Personal information
- Date of birth: 19 September 1994 (age 31)
- Place of birth: Helsinki, Finland
- Height: 1.97 m (6 ft 6 in)
- Position: Centre-back

Team information
- Current team: Inter Turku

Youth career
- 1998–2002: Kontu
- 2003–2010: HJK
- 2011: PK-35
- 2012: LPS

Senior career*
- Years: Team / Apps / (Gls)
- 2013–2014: Myllypuro / 35 / (6)
- 2015: Viikingit / 19 / (3)
- 2015: → Viikingit II / 1 / (1)
- 2016–2020: Honka / 115 / (13)
- 2020–2023: Warta Poznań / 84 / (2)
- 2023–2025: Eintracht Braunschweig / 46 / (1)
- 2025–2026: Asteras Tripolis / 18 / (1)
- 2026–: Inter Turku / 0 / (0)

International career^{‡}
- 2019–: Finland / 43 / (0)

= Robert Ivanov =

Finnish footballer (born 1994)

Robert Ivanov (born 19 September 1994) is a Finnish professional footballer who plays as a centre-back for Veikkausliiga club Inter Turku and the Finland national team.

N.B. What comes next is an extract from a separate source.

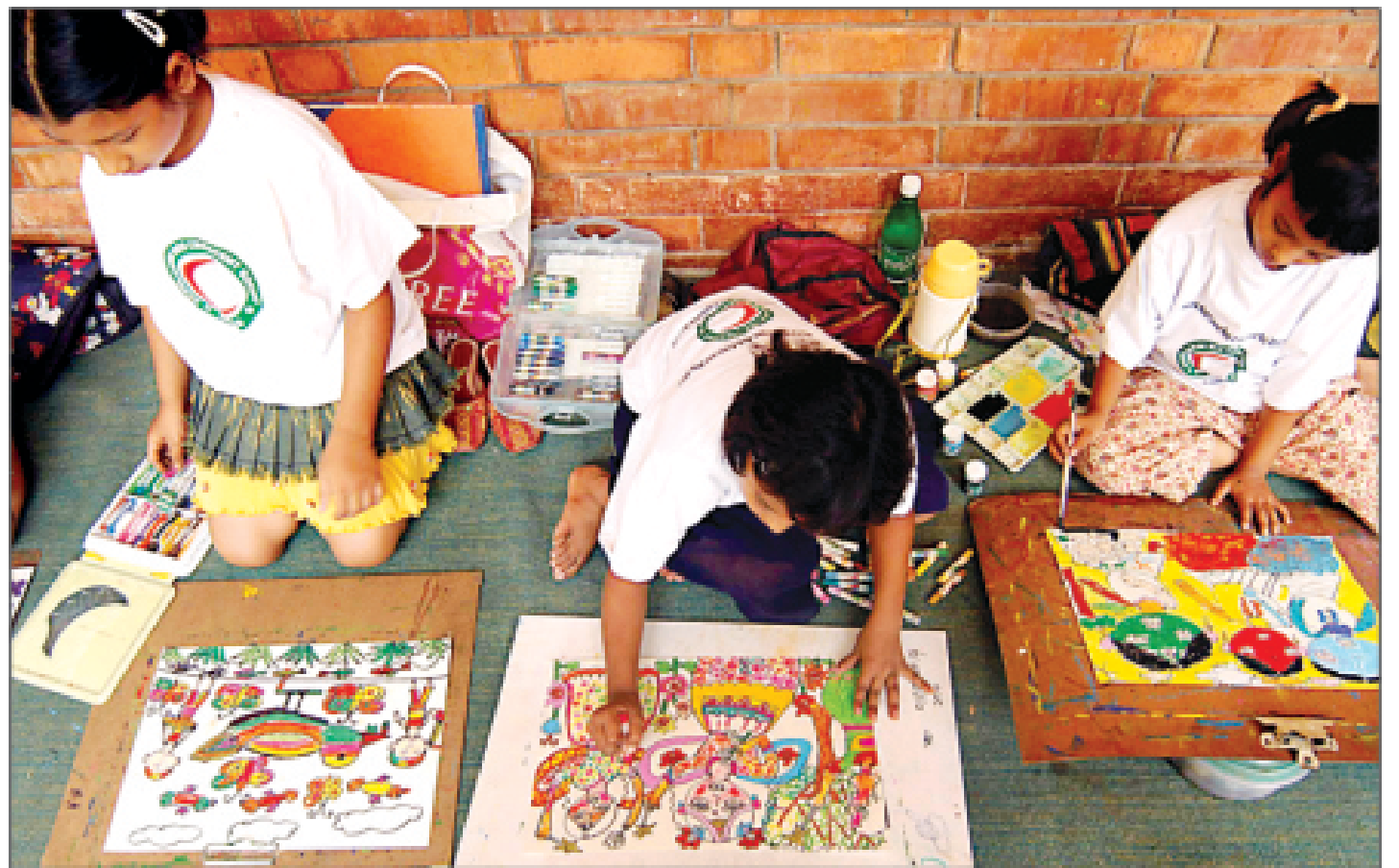
Children engrossed in drawing pictures at an art competition at the Institute of Fine Arts in the city yesterday. Bangladesh Red Crescent Society organised the competition on the occasion of the World Red Cross and Red Crescent Day 2007.

The refined adulterated lubricants were being sold to different petrol pumps at Chittagong and Dhaka, sources said.

Ivanov began his career with Kontu, and made his senior debut aged 18 in 2013 with Myllypuro.

==Club career==

=== FC Myllypuro ===
Ivanov started his senior career with FC Myllypuro in 2013, competing in Kolmonen. After the promotion, he continued with the team in third-tier Kakkonen.

=== Viikingit ===
He joined FC Viikingit for the 2015 season and made 19 appearances in the first team and 4 in the reserve team. After one season with Viikingit in Kakkonen, he joined FC Honka for the 2016 Kakkonen season.

=== Honka ===
With Honka he won two consecutive promotions, and eventually Ivanov debuted in the top-tier Veikkausliiga with Honka in 2018. He was part of the Veikkausliiga Team of the Month for July 2018, and September 2018.

=== Warta Poznań ===
On 1 September 2020, he signed an initial two-year contract with Polish Ekstraklasa club Warta Poznań for an undisclosed fee.

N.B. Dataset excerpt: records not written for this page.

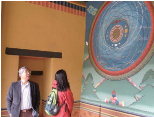
Visit at the Simtokha Dzong.
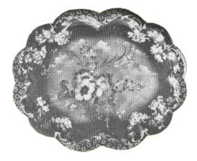
Chippendale flower arrangement on dusted background. Painted flower clusters and gold leaf border -- on scalloped tray.

In 1664, just about twenty years before William and Mary came to England, the first mill for rolling sheet iron was erected in Pontypool, Wales. The invention of tin plating speedily followed. The Dutch journeymen, china painters, and japanners
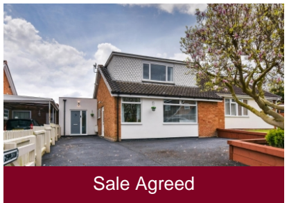
3 Greenfields Road, Wombourne, Wolverhampton
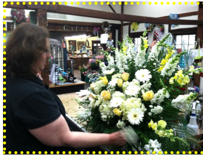
Beautiful Floral Arrangement from Cityline Florist

Detail Reports. Incoming call data is automatically associated with ongoing marketing campaigns. With these sales reports, Cityline Florist adjusts and maintains a knowledge based

=== Eintracht Braunschweig ===
On 16 June 2023, it was announced that Ivanov had signed a two-year deal with 2. Bundesliga club Eintracht Braunschweig on a free transfer. Ivanov scored his first goal for the club on 8 October 2023, in a 3–1 home defeat against Paderborn. In June 2025, it was announced that Ivanov would leave Braunschweig following the expiry of his contract, having not played since March due to minor injury.

===Asteras Tripolis===
On 13 August 2025, Ivanov signed a two-year contract with Asteras Tripolis in Greece. On 24 August 2026, his contract was terminated by mutual agreement.

===FC Inter Turku===
On 24 August 2026, Ivanov returned to Finland and joined Veikkausliiga club Inter Turku on a deal until the end of 2028.

==International career==
Having never played for any of the Finland international youth teams, Ivanov made his debut for the Finland senior national team on 8 January 2019 at the age of 24, in a friendly against Sweden, coming on an 85th-minute substitute for Albin Granlund.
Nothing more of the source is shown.